Work request -
After locating the line with "a crisis situation.", repeat it and every following line to the end of the listing, exactly. Omit the pictures.

Data records -

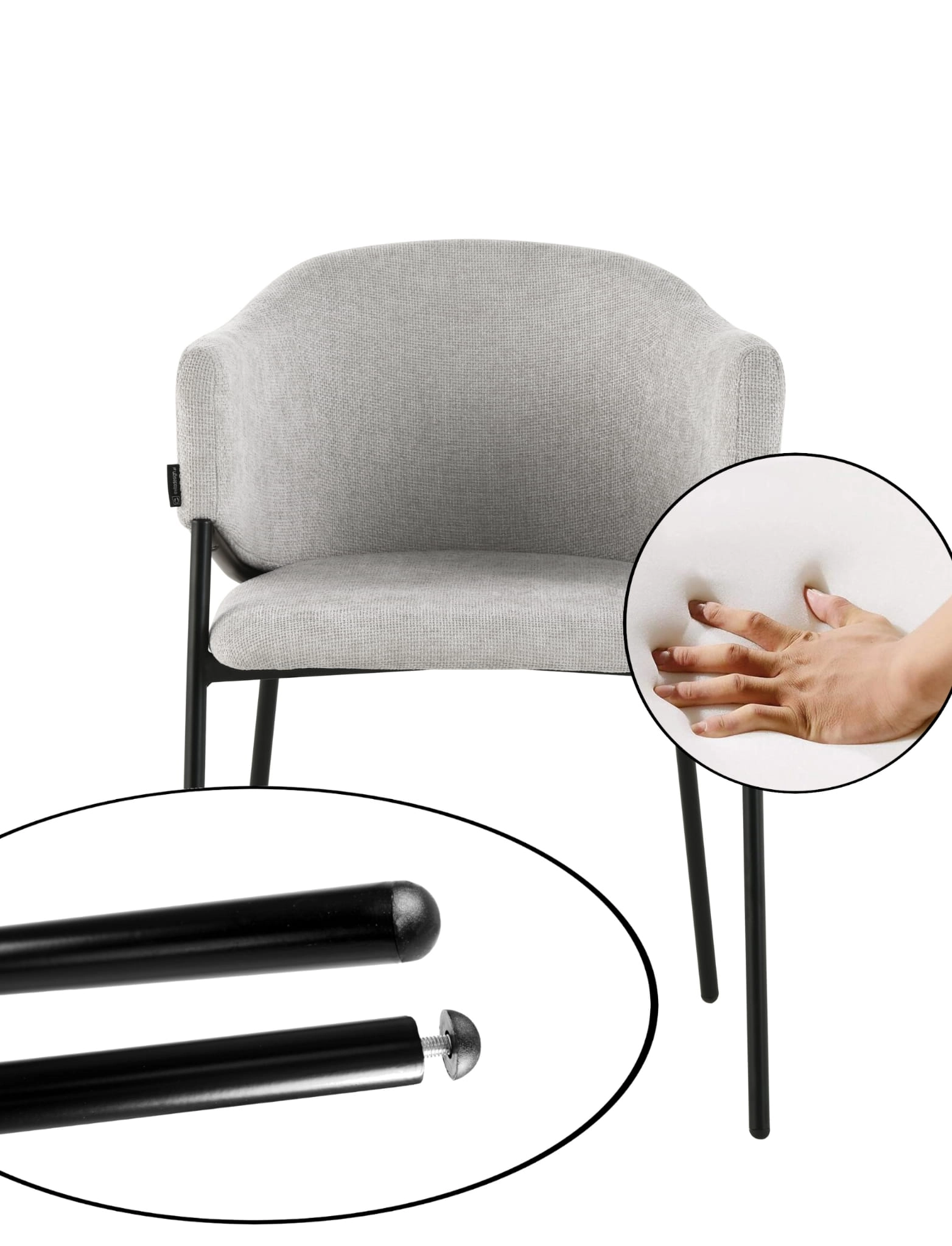 Tapicerka wykonana z miękkiej tkaniny zapewnia przyjemny kontakt ze skórą, a ergonomiczny kształt kubełkowego oparcia pozwala cieszyć się wygodą przez wiele godzin. Czarne metalowe nogi dodają konstrukcji stabilności i industrialnego charakteru, co czyni ARGOS idealnym wyborem także dla wnętrz loftowych.
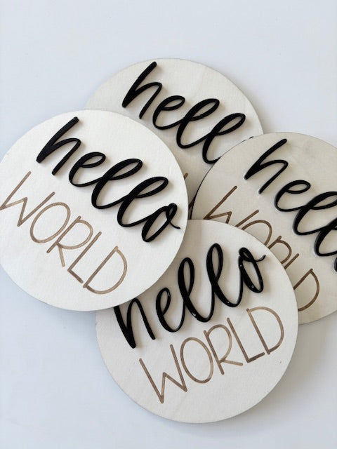 . Hello World Large engraved Wooden disc
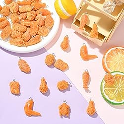 - Specifications: Perfect Charm Size: Each fried chicken resin charm measures approximately 22.5–32.5mm wide, 11.5–27.5mm long, and 7–12mm thick, with a 1.8–2mm loop hole—optimized for easy attachment to chains, cords, zippers, and more. Kindly Note:This product is intended for adults (ages 14+) 40Pcs Generous Quantity: Contains 40 premium imitation food pendants (5 pieces per style), offering ample supply for making keychains, bag charms, bracelets, necklaces, or sharing with friends—ideal for crafters and hobbyists 8 Unique Fast Food Styles: This set includes 8 styles of realistic fried chicken and fast food resin charms, each design uniquely crafted to delight food lovers—perfect for creative DIY jewelry and accessory projects Versatile Crafting Use: Ideal for DIY jewelry making, keychains, purse charms, gift tags, or party favors—great for food-themed crafts, birthdays, or as a fun gift for fans of kawaii and fast food culture High-Quality Resin Material: Made from lightweight resin, these food pendants retain vibrant colors and fine details, ensuring long-lasting use without fading, chipping, or deformation Kindly Note: Color might be slightly different from the picture because of different display device. In the event of any queries or problems, please be assured that we are available to assist you at your earliest convenience,thank you!
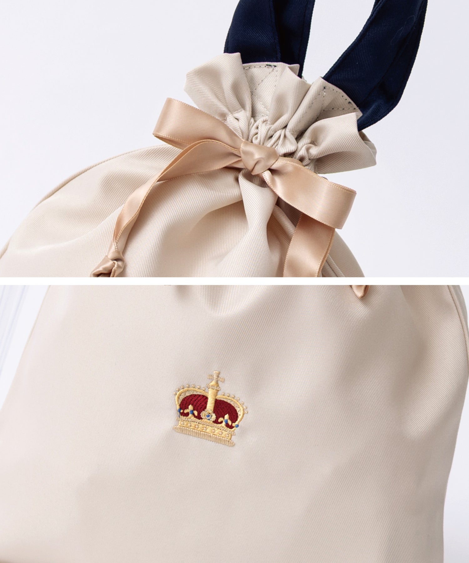 光沢のあるサテン調生地にクラウン刺繍が上品な巾着トート。
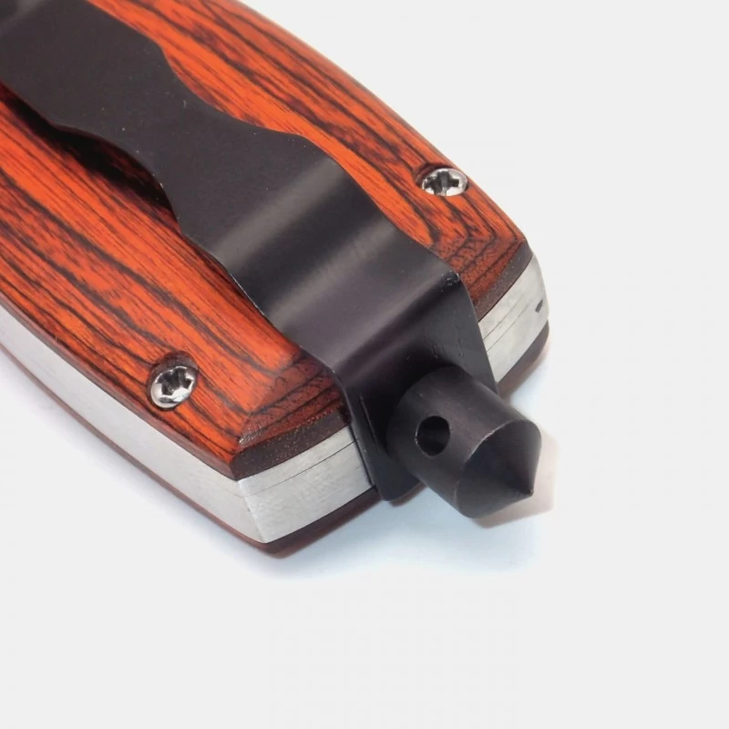 – The knife has a handy clip and tip, integrated into the offensive glass breakage in the back of the handle and it enables you to get out of a crisis situation.
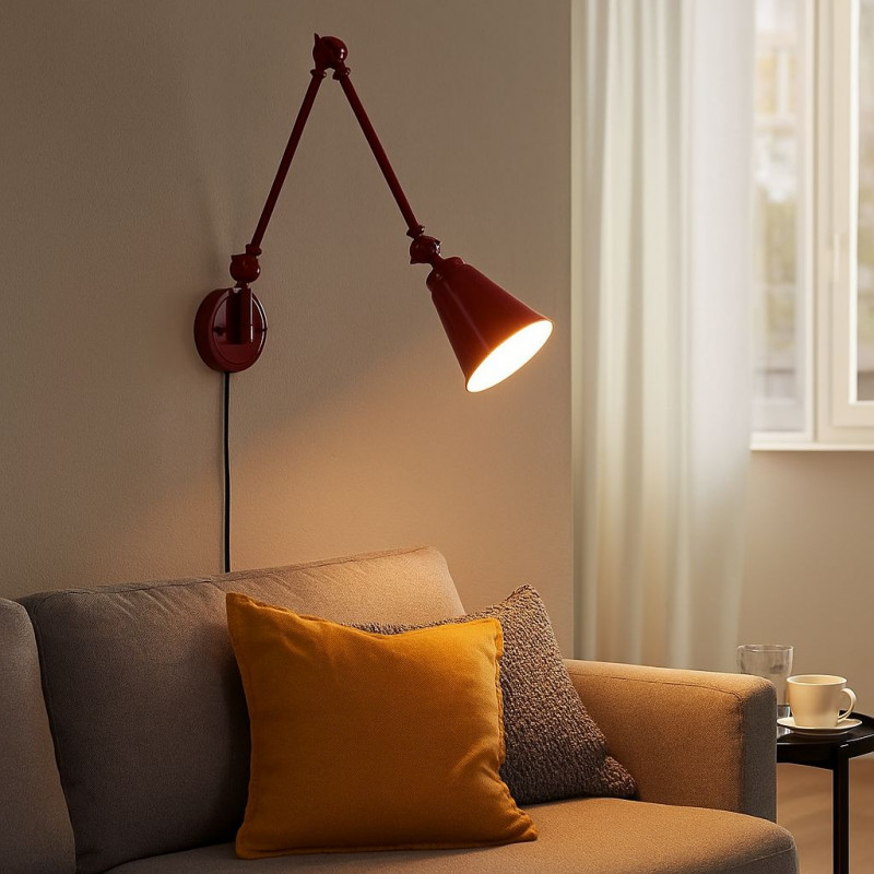 Regulowana lampa ścienna w stylu vintage z kablem i wtyczką "Tika".
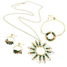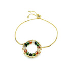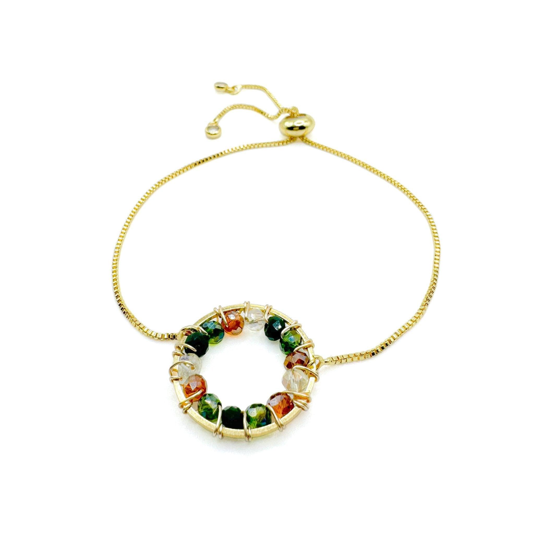Dainty and easy to wear, this gold filled adjustable slide bracelet boasts a hand-wired centerpiece of a gold circle encrusted with crystal in olive and emerald green, brown and clear.
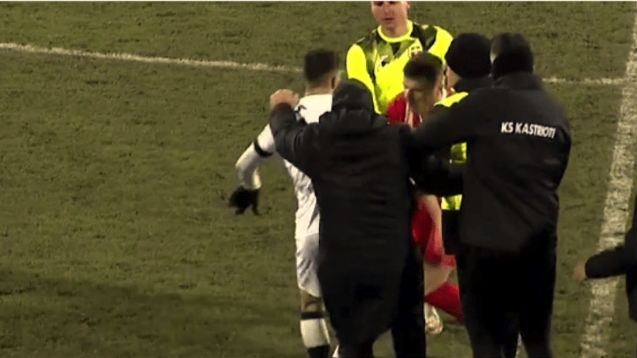 Goditi me shqelm lojtarin e Skënderbeut, pezullohet për 12 ndeshje trajneri i Kastriotit
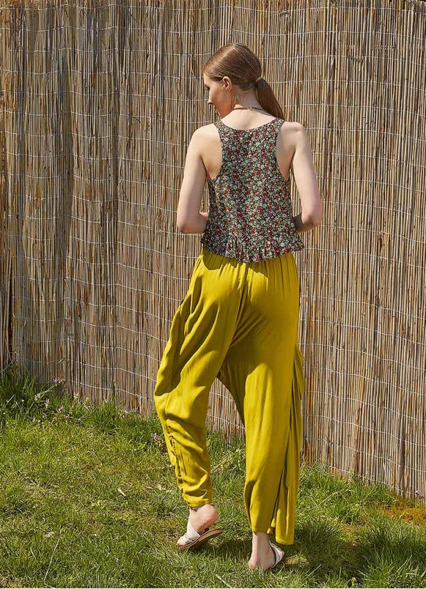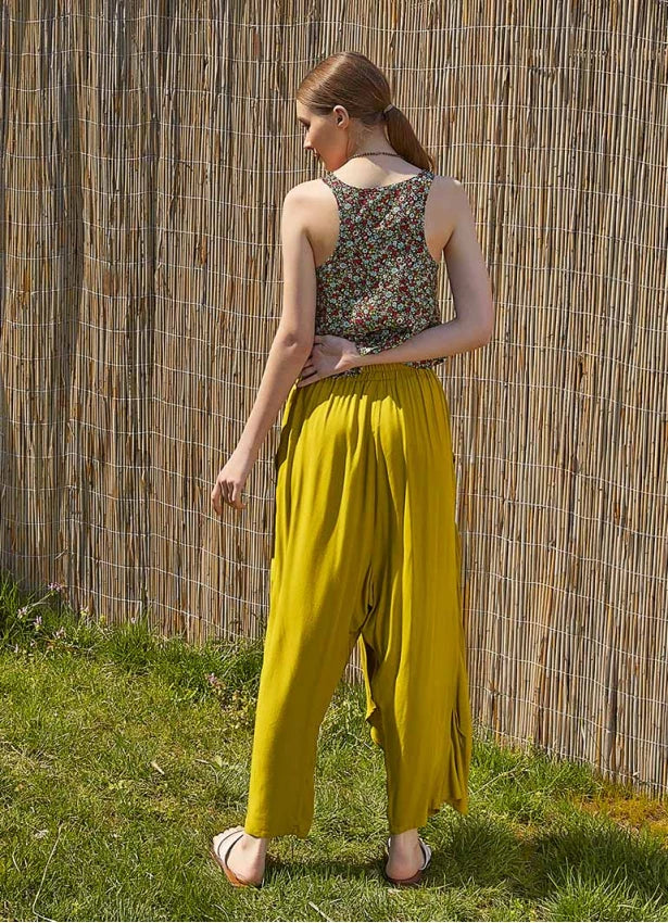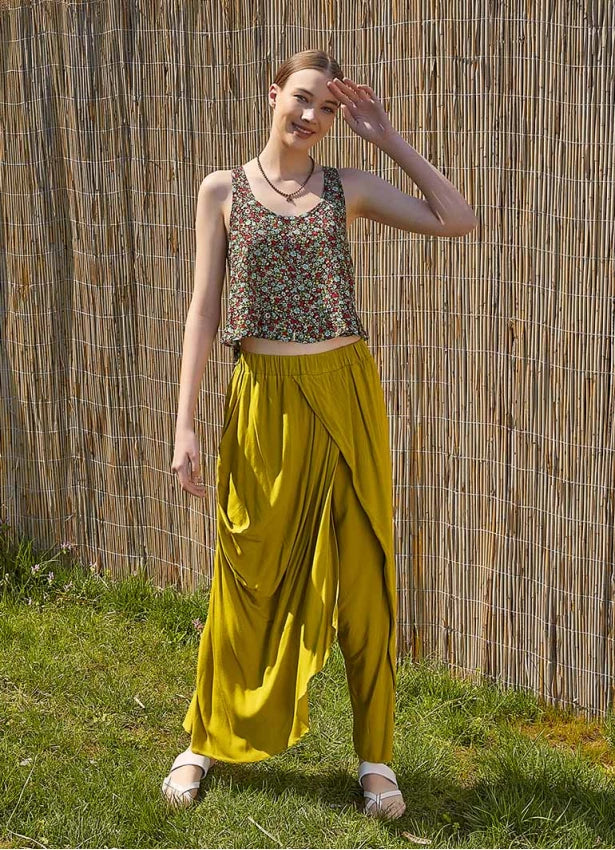 Wrap Front Loose Fit Boho Pants Olive Green

Exercise answer -
 – The knife has a handy clip and tip, integrated into the offensive glass breakage in the back of the handle and it enables you to get out of a crisis situation.
 Regulowana lampa ścienna w stylu vintage z kablem i wtyczką "Tika".
Dainty and easy to wear, this gold filled adjustable slide bracelet boasts a hand-wired centerpiece of a gold circle encrusted with crystal in olive and emerald green, brown and clear.
 Goditi me shqelm lojtarin e Skënderbeut, pezullohet për 12 ndeshje trajneri i Kastriotit
 Wrap Front Loose Fit Boho Pants Olive Green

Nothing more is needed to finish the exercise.